Esto es ficción, es importante saberlo.

Es crisis, una y otra vez. Los jugadores pueden estar confinados en este periodo de dudas, pero los Celtics consiguen mantenernos en un alto nivel de frustración con cada día que pasa. Obviamente, esto comienza con Kyrie Irving, que se ha vuelto aún más insufrible y criticado en la prensa local. Extendido por Danny Ainge en el verano de 2019 tras luchar hasta el último dólar, el base prometió cambiar pero nada lo hizo. Sin embargo, nos lo había dicho durante el mes de septiembre. En una entrevista exclusiva con Brian Scalabrine, Kyrie dijo: «El año pasado fue diferente, tuve que hacer todo por este equipo y no tuve suficiente apoyo. Ahora me parece bien, los chicos se están dejando la piel, por lo que creo que cualquier resultado que no sea un título de la NBA será una temporada de golpe. «Después de las palabras, las acciones. Mientras que Irving está teniendo una gran temporada como individuo, los Celtics están luchando. Es un tristísimo 6º puesto en la Conferencia Este el que se les impone en este insospechado parón, y el ataque en general caga tanto como la defensa. Kyrie, que se ha perdido 20 partidos esta temporada por una lesión neuronal, no encuentra soluciones y se escabulle de la franquicia. Fue él, aparentemente, quien empujó a Danny Ainge a despedir a Brad Stevens. El pobre entrenador de los Celtics había hecho un trabajo notable para construir un bonito proyecto en Boston y desarrollar a los jóvenes, pero la presión ejercida por Irving y retransmitida por el Twitter de los expertos de la FC habrá hecho sonar finalmente la hora del entrenador. Por lo tanto, es lógico que, en la carrera por los Playoffs, Stevens sea despedido. Los rumores corren, se habla de Tyronn Lue para sustituirle, pero aún no se sabe quién tomará el relevo.

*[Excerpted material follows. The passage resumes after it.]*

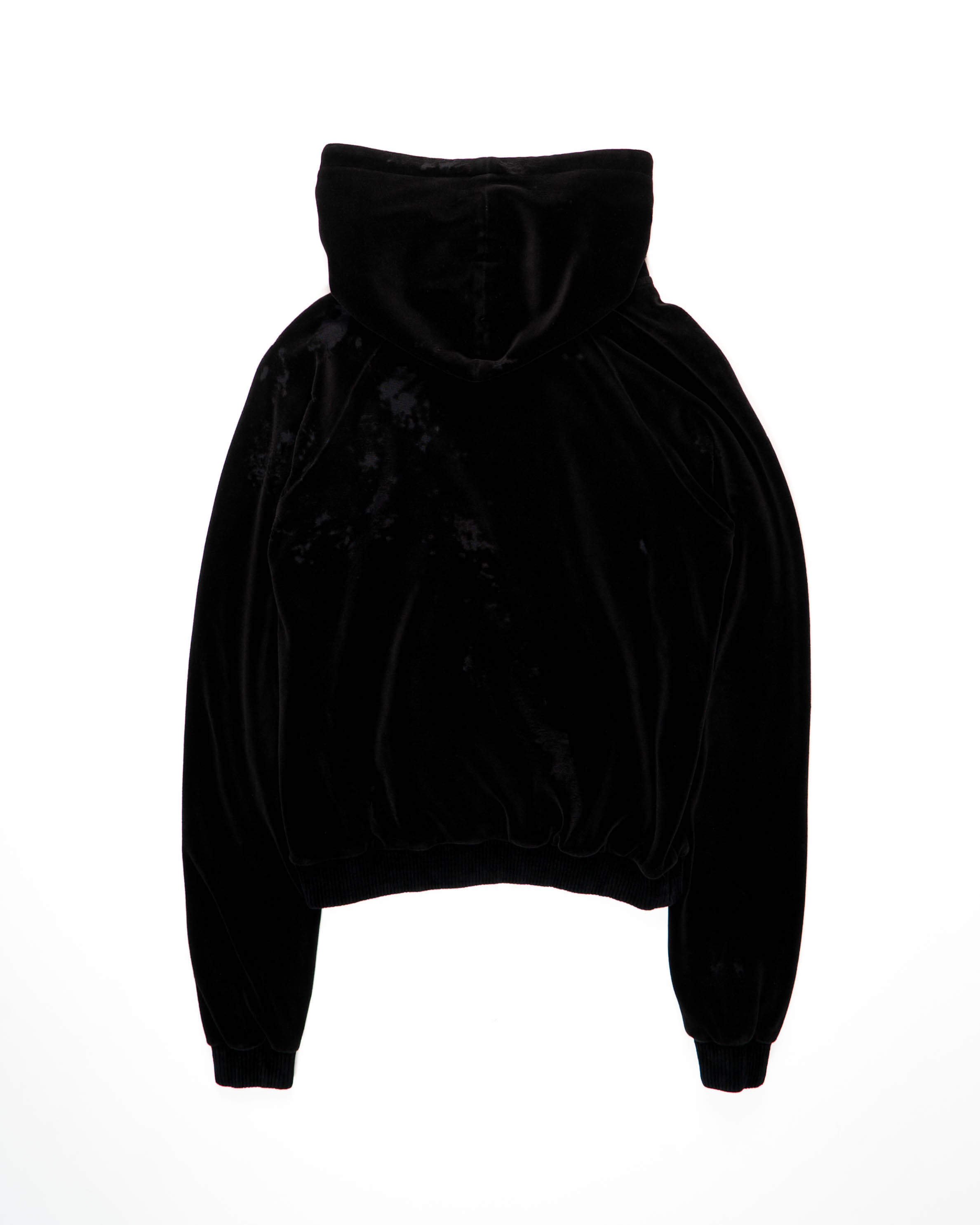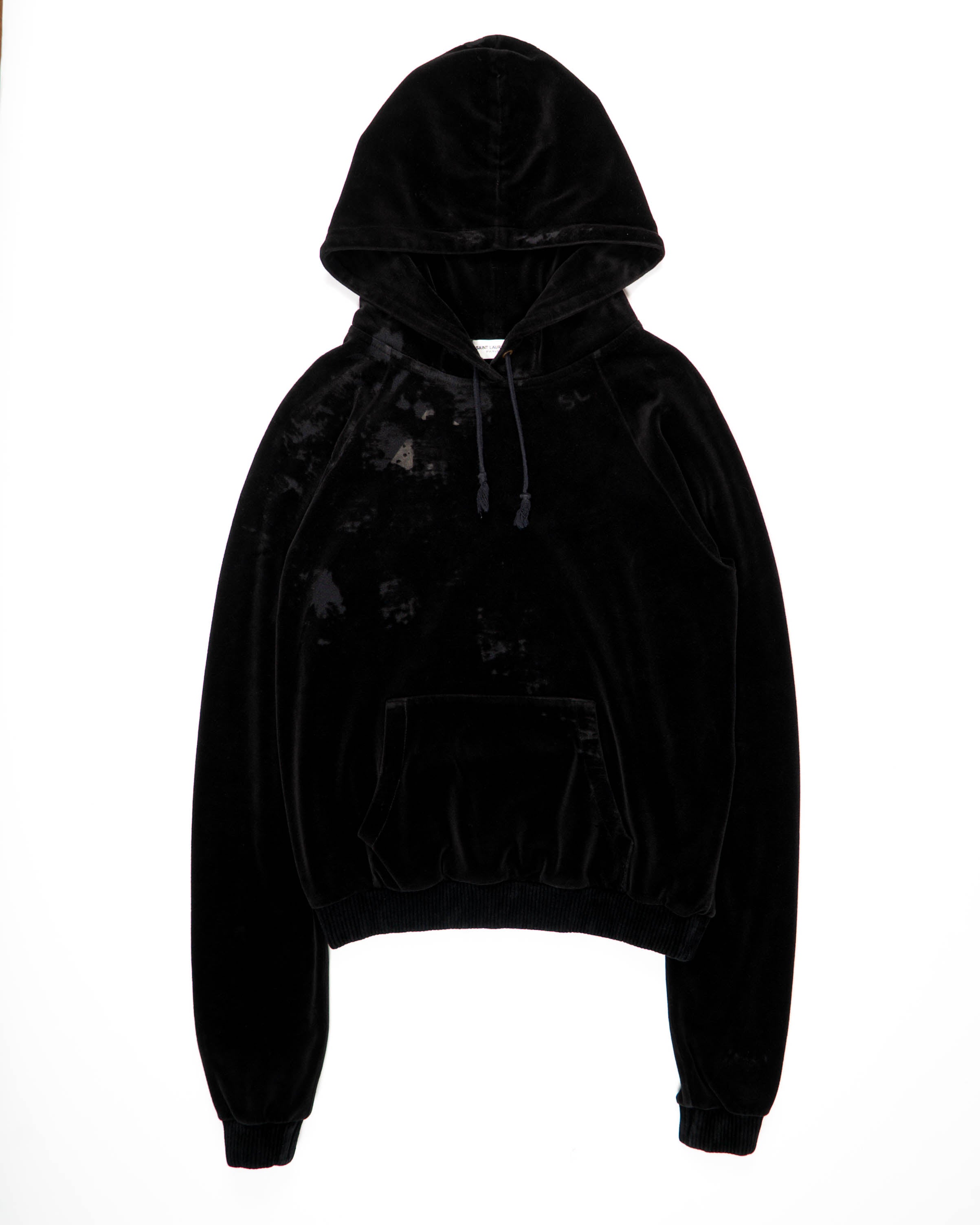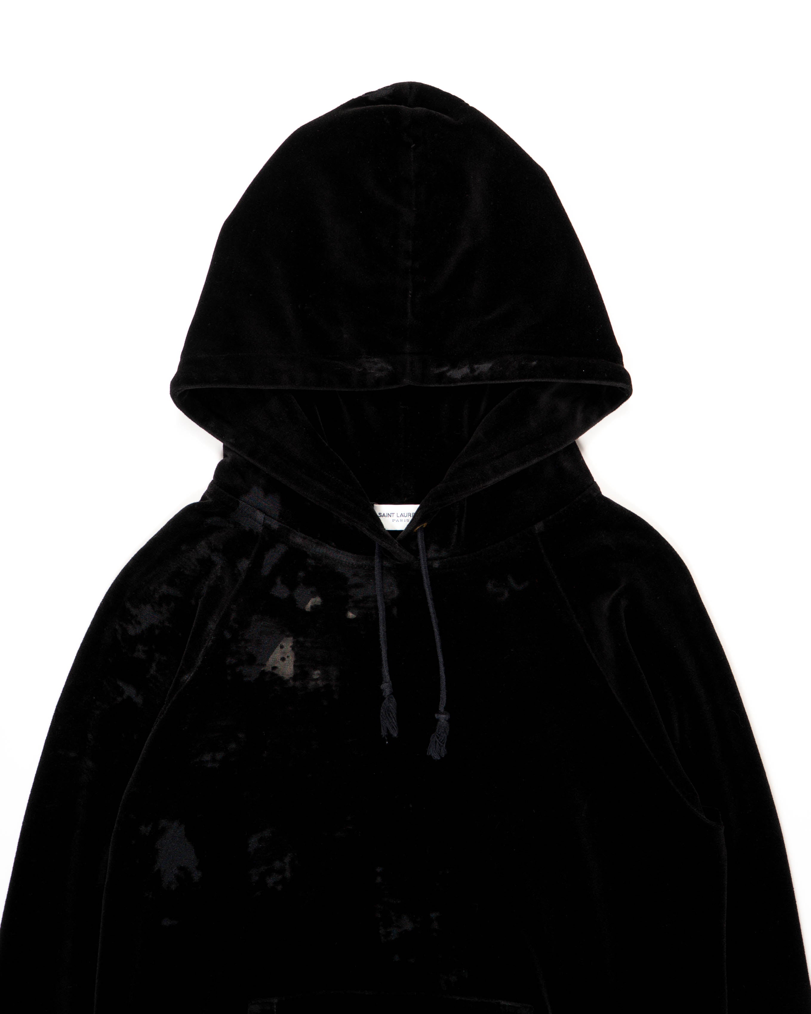 This Saint Laurent hoodie from FW18 reimagines casualwear with a subversive twist. Crafted from plush black velvet, the piece balances luxury and rebellion, while subtle distressing throughout introduces an intentionally used character. Its slouchy fit and soft feel contrast with the raw edge of the detailing, embodying Slimane’s ability to fuse refinement with grunge energy. A piece that transforms the everyday hoodie into something elevated.

Todos los dedos apuntan a Irving, pero alrededor tampoco es el partido. Cómo no empezar con Jayson Tatum, que tras una llamativa temporada de novato parece definitivamente estancado tras el 1-1 con Kobe. Todas las opciones ofensivas del alero van en contra del juego colectivo, su juego de pases es escaso, y ahora podemos decirlo: Tatum no tiene para nada la contextura de un jugador franquicia. Haría falta un milagro para que su destino cambiara. Lo mismo ocurre con Jaylen Brown, que ha tenido una serie de promesas y decepciones. El extremo, que sigue siendo tan talentoso como siempre, provocó la ira de sus fans al haber ampliado por 115 millones en 4 años, todo para conseguir la producción del maldito Jeff Green. Se suponía que los dos jóvenes iban a dar un giro en el draft de Boston, pero no lo hicieron. A ellos se une, con un estilo similar, Terry Rozier, que sigue coreando que tiene hombros para liderar una franquicia en la NBA. Disparar un 35% desde el banquillo, no es seguro. Torturado por Kemba Walker en su reciente visita al TD Garden (41 puntos para el base de los Hornets), Terry está en un problema monumental.

Hablando de tiro, precisamente, la caída de Al Horford continúa. Aunque el pívot sigue cumpliendo con el trabajo bajo los aros, su nuevo contrato y su producción ofensiva le han convertido en el blanco diario de las críticas de Tommy Heinsohn. El legendario comentarista de Boston lo tiene claro, «incluso en Filadelfia serían capaces de jugar bien con él». Es difícil. Así que Aron Baynes es enviado intermitentemente a la trinchera para tomar carteles en la cara y colocar pantallas de titanio, nada que objetar al leñador que hace el trabajo sin inmutarse diariamente. Todo lo contrario que Marcus Morris, del que se lleva rumoreando su marcha desde hace varias semanas. Aunque está teniendo una temporada bastante decente, el filósofo por formación dijo tras la derrota en Cleveland que siempre quiso jugar al menos una vez en su carrera para los Spurs. Lo siento, los Knicks. No es precisamente el tipo de declaración que facilita la vida del grupo, especialmente para dar ejemplo a Grant Williams, que languidece en el banquillo. Pero siempre hay ese potencial que atrae con estos Celtics. Sentimos que al más mínimo clic puede ocurrir. En los playoffs, ¿quién sabe? Tal vez este grupo se una y utilice todo su potencial para validar la profecía de Kyrie. Tal vez, tal vez.

Cruzamos los dedos, y ojalá, por segunda temporada consecutiva.